TASK TO COMPLETE: Using the records that follow, reproduce exactly the lines starting at the line containing "Ингредиенты: Приготовление: Нарезаем" and ending at the line containing "وفي هذا الكتاب". Include both end lines and no pictures.

*** DATA SECTION

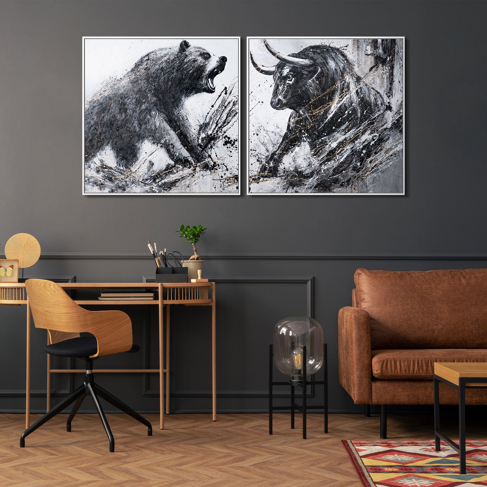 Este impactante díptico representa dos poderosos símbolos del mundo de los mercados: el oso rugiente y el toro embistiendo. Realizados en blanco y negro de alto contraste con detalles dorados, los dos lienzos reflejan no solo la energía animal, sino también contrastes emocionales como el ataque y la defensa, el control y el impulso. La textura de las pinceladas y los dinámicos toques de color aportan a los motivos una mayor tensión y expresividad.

******
*** DATA SECTION

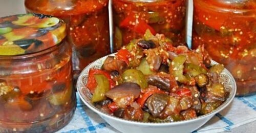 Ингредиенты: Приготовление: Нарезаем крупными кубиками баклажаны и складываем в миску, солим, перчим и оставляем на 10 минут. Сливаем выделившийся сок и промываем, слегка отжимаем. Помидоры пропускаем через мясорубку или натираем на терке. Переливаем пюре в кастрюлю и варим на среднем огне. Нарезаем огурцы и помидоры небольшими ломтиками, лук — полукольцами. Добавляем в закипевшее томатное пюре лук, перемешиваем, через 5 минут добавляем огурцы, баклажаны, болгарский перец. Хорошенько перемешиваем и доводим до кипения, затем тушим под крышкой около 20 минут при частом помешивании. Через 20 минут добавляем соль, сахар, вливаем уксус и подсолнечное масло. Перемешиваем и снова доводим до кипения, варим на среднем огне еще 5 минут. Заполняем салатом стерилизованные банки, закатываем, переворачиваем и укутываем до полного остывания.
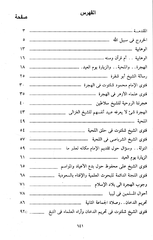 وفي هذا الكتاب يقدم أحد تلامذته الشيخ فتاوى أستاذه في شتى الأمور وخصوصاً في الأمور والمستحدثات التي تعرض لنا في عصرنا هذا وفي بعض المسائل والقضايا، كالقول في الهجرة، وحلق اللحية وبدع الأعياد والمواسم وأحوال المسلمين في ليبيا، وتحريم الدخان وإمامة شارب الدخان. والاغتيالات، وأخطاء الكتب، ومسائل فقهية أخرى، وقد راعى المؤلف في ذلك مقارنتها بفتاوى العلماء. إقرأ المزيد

******

TASK SOLUTION:
 Ингредиенты: Приготовление: Нарезаем крупными кубиками баклажаны и складываем в миску, солим, перчим и оставляем на 10 минут. Сливаем выделившийся сок и промываем, слегка отжимаем. Помидоры пропускаем через мясорубку или натираем на терке. Переливаем пюре в кастрюлю и варим на среднем огне. Нарезаем огурцы и помидоры небольшими ломтиками, лук — полукольцами. Добавляем в закипевшее томатное пюре лук, перемешиваем, через 5 минут добавляем огурцы, баклажаны, болгарский перец. Хорошенько перемешиваем и доводим до кипения, затем тушим под крышкой около 20 минут при частом помешивании. Через 20 минут добавляем соль, сахар, вливаем уксус и подсолнечное масло. Перемешиваем и снова доводим до кипения, варим на среднем огне еще 5 минут. Заполняем салатом стерилизованные банки, закатываем, переворачиваем и укутываем до полного остывания.
 وفي هذا الكتاب يقدم أحد تلامذته الشيخ فتاوى أستاذه في شتى الأمور وخصوصاً في الأمور والمستحدثات التي تعرض لنا في عصرنا هذا وفي بعض المسائل والقضايا، كالقول في الهجرة، وحلق اللحية وبدع الأعياد والمواسم وأحوال المسلمين في ليبيا، وتحريم الدخان وإمامة شارب الدخان. والاغتيالات، وأخطاء الكتب، ومسائل فقهية أخرى، وقد راعى المؤلف في ذلك مقارنتها بفتاوى العلماء. إقرأ المزيد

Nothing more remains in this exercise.